Mustafa Mânevî Efendi, ârif ve kâmil bir zât idi. Doğru sözü söylemekten aslâ çekinmezdi. Güzel manzûmeleri vardır. Muhyiddîni Arabî'nin Füsûs adlı eserine şerh yazdı. Müretteb bir dîvânı vardır.
Mustafa Mânevî Efendinin şiirlerinden bir bölüm: Selâm eyle
Sabâ! Vakti seher ol zülfi cânâne selâm eyle, Yolun uğrarsa koş! Arşı Rahmâna selâm eyle,
Seherde bülbüli şeydâyı tahrîk eyledim bildim, İden ol gulgule feryâd u efgâne selâm eyle.
Medîne şehrine var Ravdaı pâke sürüp yüzler, Varıp, ol hâki pâyı rûhı sultâna selâm eyle.

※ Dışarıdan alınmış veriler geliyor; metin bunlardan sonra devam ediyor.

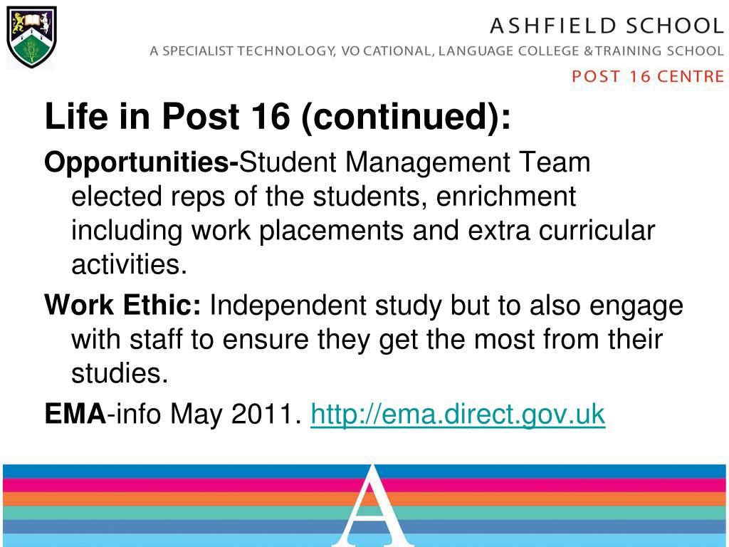 Life in Post 16 (continued): Opportunities-Student Management Team elected reps of the students, enrichment including work placements and extra curricular activities. Work Ethic: Independent study but to also engage with staff to ensure they get the most from their studies. EMA-info May 2011. http://ema.direct.gov.uk
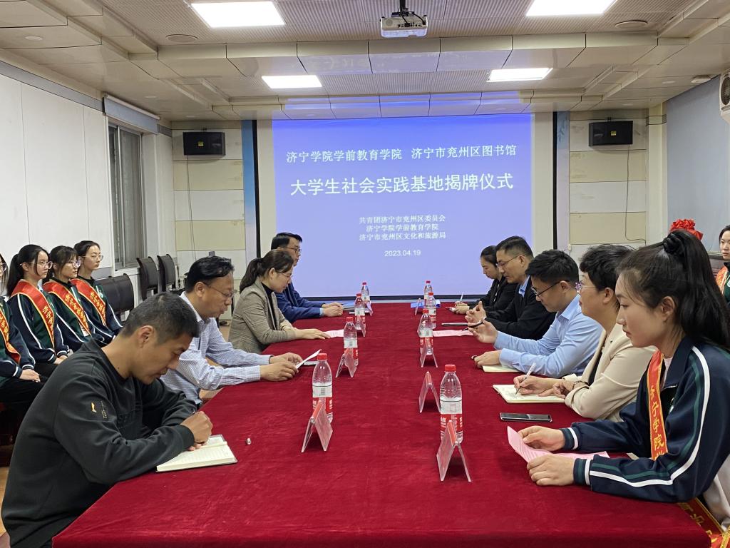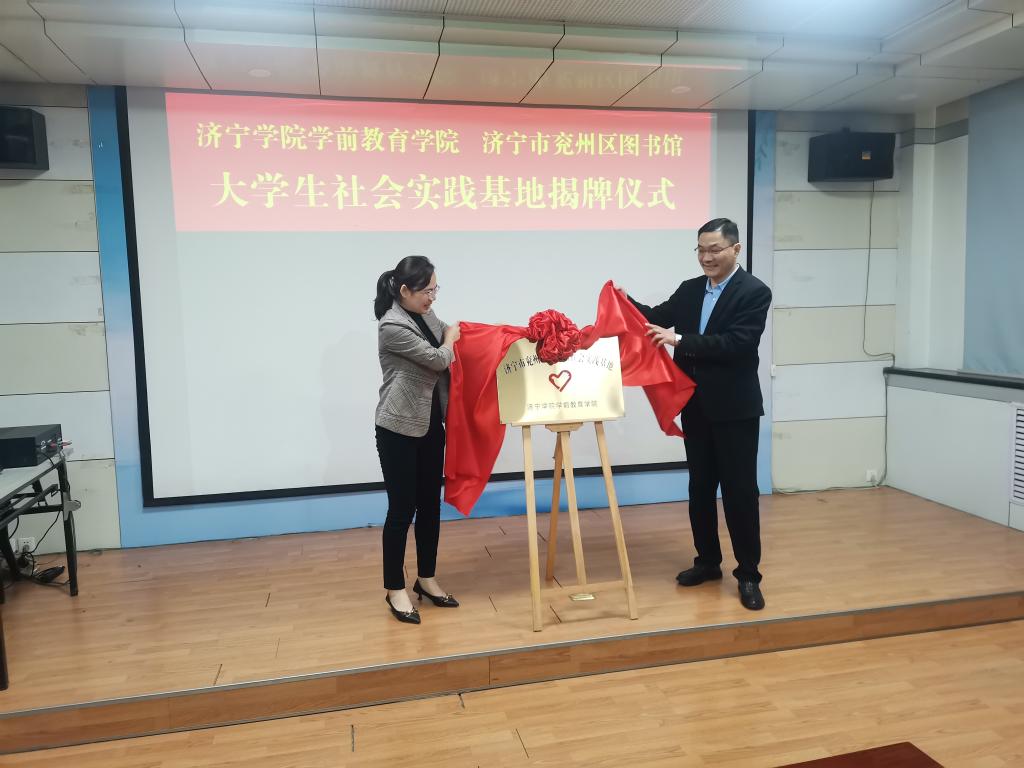 在世界读书日到来之际,4月19日下午,学前教育学院联合兖州区图书馆举行社会实践基地揭牌仪式,仪式在区图书馆活动室举行。兖州区文化旅游局副局长郭川、共青团兖州区委副书记桑承波、兖州区图书馆馆长汪亚军、学前教育学院副院长王朝杰、党委副书记丰琳琳、基地共建主要负责同志及学生志愿者代表出席了仪式。活动由兖州区公共文化服务中心主任刘辉主持。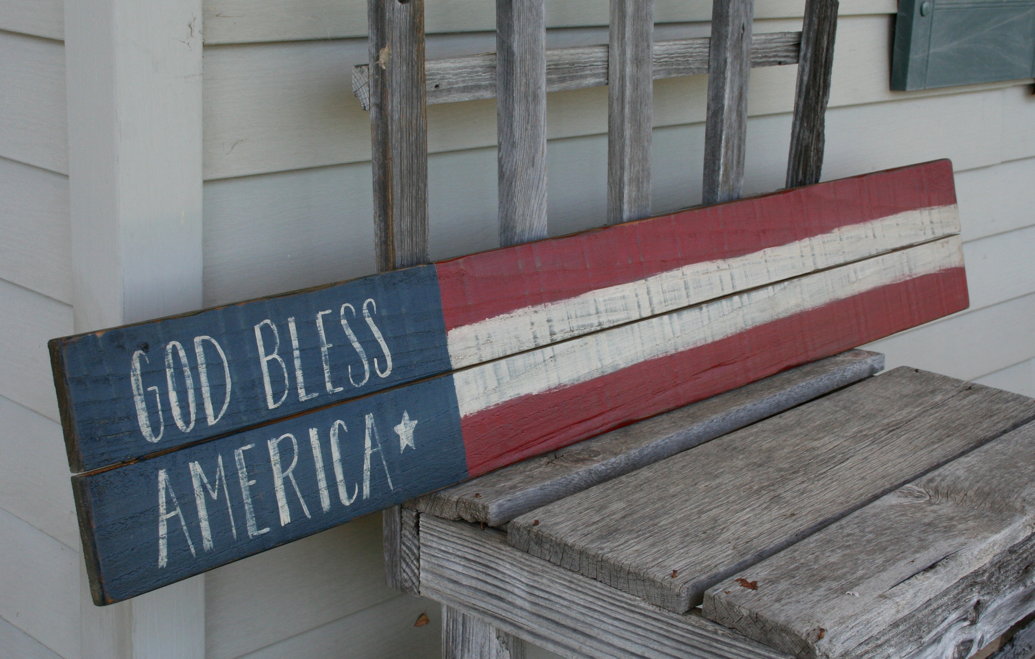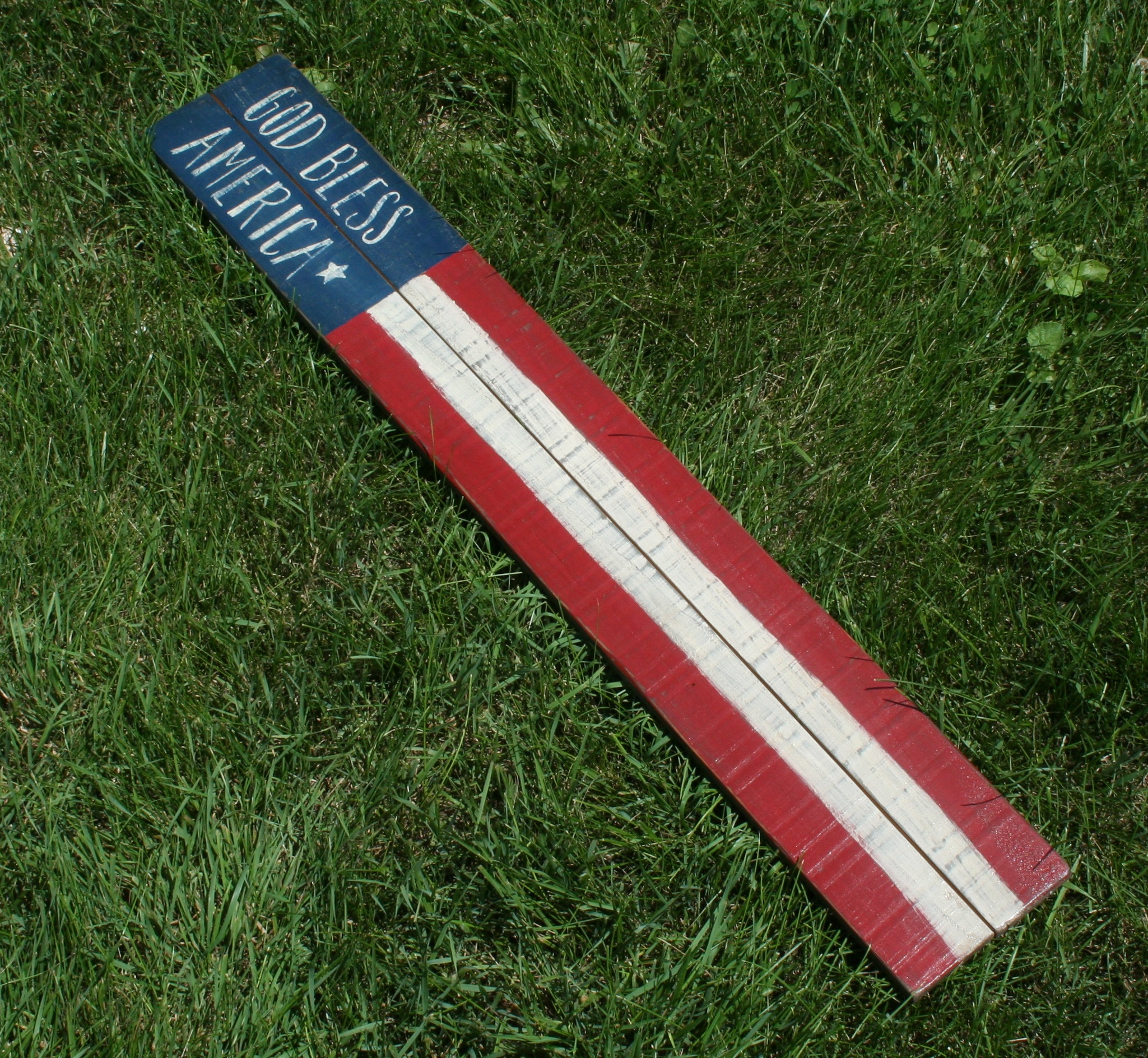 Show off your American spirit by proudly displaying this sign in your home. It measures 45" x 7", is made from reclaimed cedar fence boards, and comes ready for hanging.

Ebû Bekr, Ömer, Osmân, Ali ile Hasan Hüseyin, Cenâbı Fâtıma ol binti cânâne selâm eyle.
Süheybi Rûm u Ammâr ibni Yâsir, Hamze vü Abbâs, Bütün ahbâb ile ervâhı ihvâna selâm eyle.
Azizim Hazreti pîrim, efendim hâkine yüz sür, Derûnî iştiyâk ile o cânâne selâm eyle,
Varıp ol, Kâbetullah'ı ziyâret kıl, tavâf eyle, Safâ vü Merve'de sa'y eyle, kurbâna selâm eyle.